使用ConsumerRecord kafka的键值创建一个地图。

huangapple go评论58阅读模式
英文:

create a map using key value of ConsumerRecord kafka

问题

以下是您要翻译的部分:

我正在使用KafkaConsumer从一系列Kafka主题中读取消息。我正在使用自定义的反序列化器。以下是反序列化器中的方法:

public Object deserialize(String s, byte[] bytes) {
    if (!isEmpty(bytes)) {
        try {
            return objectMapper.readValue(bytes, new TypeReference<Map<String, Object>>() {
            });
        } catch (Exception e) {
            LOGGER.error("Error while deserializing bytes[] {} to json object ", new String(bytes), e);
        }
    }

    return null;
}

在这里没有出现错误。以下是我收到的ConsumerRecords的屏幕截图:

使用ConsumerRecord kafka的键值创建一个地图。

ConsumerRecord的值标签包含值作为Map。所以以下是我的需求:

  • 使用来自主题的消息创建CSV文件。
  • 因为有多个主题,所以需要使用来自每个主题的消息创建多个文件。

可能的解决方案:

  • 按主题将消息分开。每个主题可以有一系列消息。
  • 因此,我需要一个Map<String, List<Map<String, Value>>>。这里的键(String)应该是主题,值是:
    来自屏幕截图的ConsumerRecord的Value标签。

问题:

  1. 如何从ConsumerRecord中获取值标签并返回为Map。到目前为止,这是我能做的最好的:
List<Object> customerMigrationKafkaMessages =
            consumerRecords.stream()
                .flatMap(c -> StreamSupport.stream(c.spliterator(), false).map(ConsumerRecord::value))
                .collect(Collectors.toList());
  1. 但是,需要以一种可以创建Map的方式迭代ConsumerRecords。键是主题名称,值是上一步中Map的List对象。
  2. 为什么需要第1步作为HashMap?1. 键集将用作我必须创建的CSV的标题。
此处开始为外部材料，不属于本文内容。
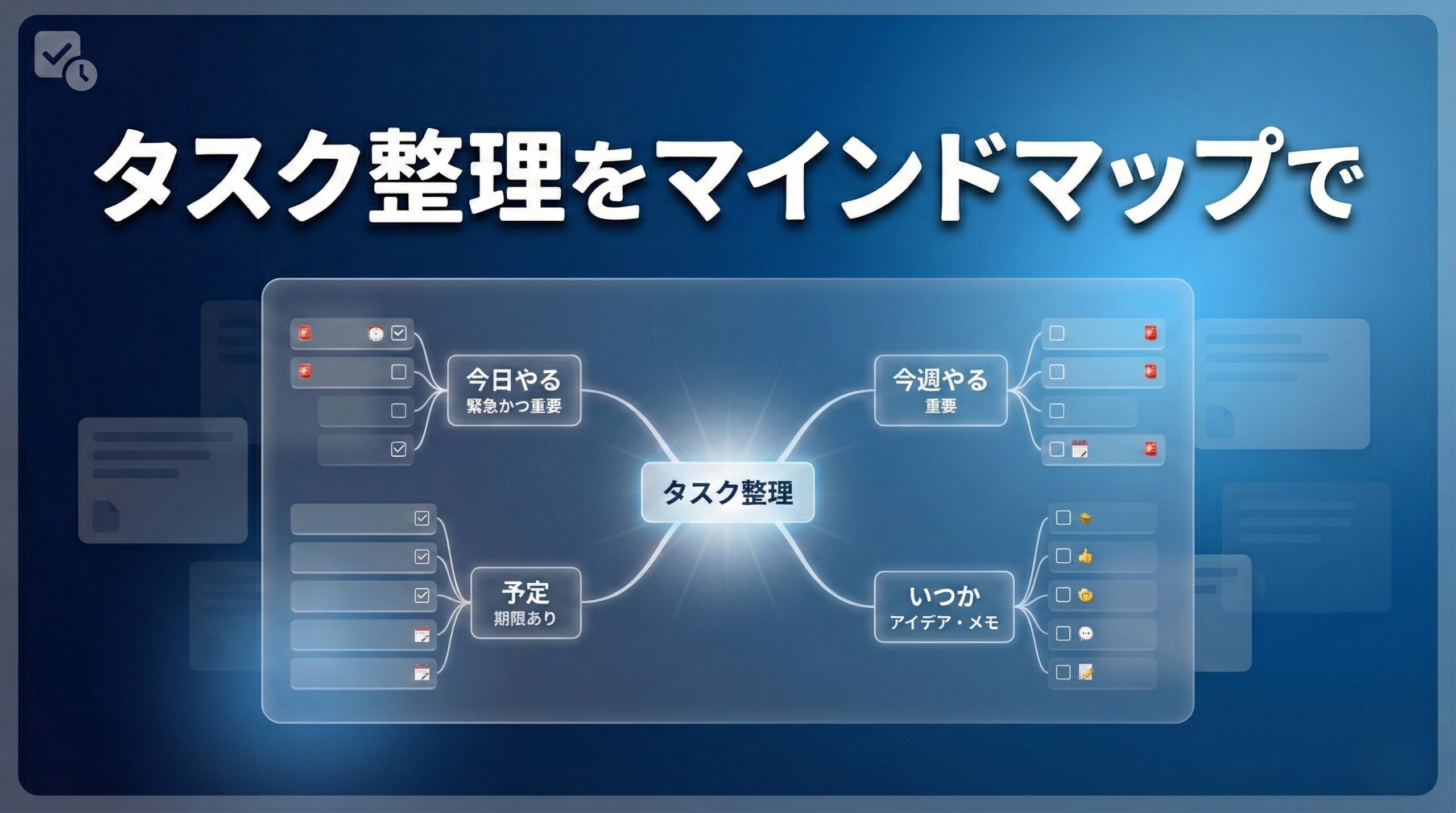タスクが溜まる原因は、「頭に置いたまま」「分類していない」「次のアクションが曖昧」の3つ。マインドマップを使ったGTD式3ステップで解決できる。

2. 值集将是CSV文件中的行。

请帮助我提供一些想法,我无法编写这段代码。
谢谢!

编辑1:
添加了对@OneCricketer答案的评论:

  1. 链接 - 我尝试使用以下配置:
kafka.value.deserializer=org.springframework.kafka.support.serializer.JsonDeserializer

但一直收到异常:“Caused by: java.lang.IllegalStateException: No type information in headers and no default type provided”

  1. 链接:是的,我知道结构。但是,正如我之前提到的,有多个主题,所以我最终将创建多个POJO(我之前计划过),但后来我再次将这些POJO转换为字符串,然后写入文件。此外,必须在反序列化发生之前创建一个Map,以便可以使用与主题对应的正确类类型。示例:
Map myMap = new HashMap<>();
myMap.put("TopicA", MyClassA.class);
myMap.put("TopicB", MyClassB.class);
public Object deserialize(String topic, String s, byte[] bytes) {
  if (!isEmpty(bytes)) {
    try {
      return objectMapper.readValue(bytes, myMap.get(topic));
    } catch (Exception e) {
      LOGGER.error("Error while deserializing bytes[] {} to json object ", new String(bytes), e);
    }
  }
  return null;
}
  1. 链接:我可能误解了这个。我可以为每个主题拥有一系列消息,并且所有这些消息应该放入一个文件,而不是每条消息一个文件。因此,如果我处理了4个主题,我需要创建4个文件。
英文:

I am using KafkaConsumer to read messages from a list of kafka topics. I am using a custom Deserializer. below is the method from Deserializer:

public Object deserialize(String s, byte[] bytes) {
    if (!isEmpty(bytes)) {
      try {
        return objectMapper.readValue(bytes, new TypeReference&lt;Map&lt;String, Object&gt;&gt;() {
        });
      } catch (Exception e) {
        LOGGER.error(&quot;Error while deserializing bytes[] {} to json object &quot;, new String(bytes), e);
      }
    }

    return null;
  }

No error happens here. Following is the screenshot of ConsumerRecords that I get:
使用ConsumerRecord kafka的键值创建一个地图。

The ConsumerRecord value tag has the values as a Map.
So following is my requirement:

  • Use the messages from the topic to create a csv file.
  • because there are multiple topics, so it's required to create multiple files using messages from each topic.

Probable Solution:

  • separate the messages by topic. each topic can have a list of messages.
  • so, I need a Map&lt;String, List&lt;Map&lt;String, Value&gt;&gt;&gt;. here the key(String) should be the topics and the value is :
    Value tag from ConsumerRecord in screenshot.

Questions:

  1. How can I get the value tag from ConsumerRecord return as Map. Till now this is the best I could do:

    List<Object> customerMigrationKafkaMessages =
    consumerRecords.stream()
    .flatMap(c -> StreamSupport.stream(c.spliterator(), false).map(ConsumerRecord::value))
    .collect(Collectors.toList());

  2. But, need to iterate ConsumerRecords in a way that I can create a Map. Key is the topic name, and value is the List object of the Map from above step.

  3. Why do I need step1. as HashMap? 1. The keyset would serve as the header of the csv that I have to create. 2. The valueSet will the rows in the csv file.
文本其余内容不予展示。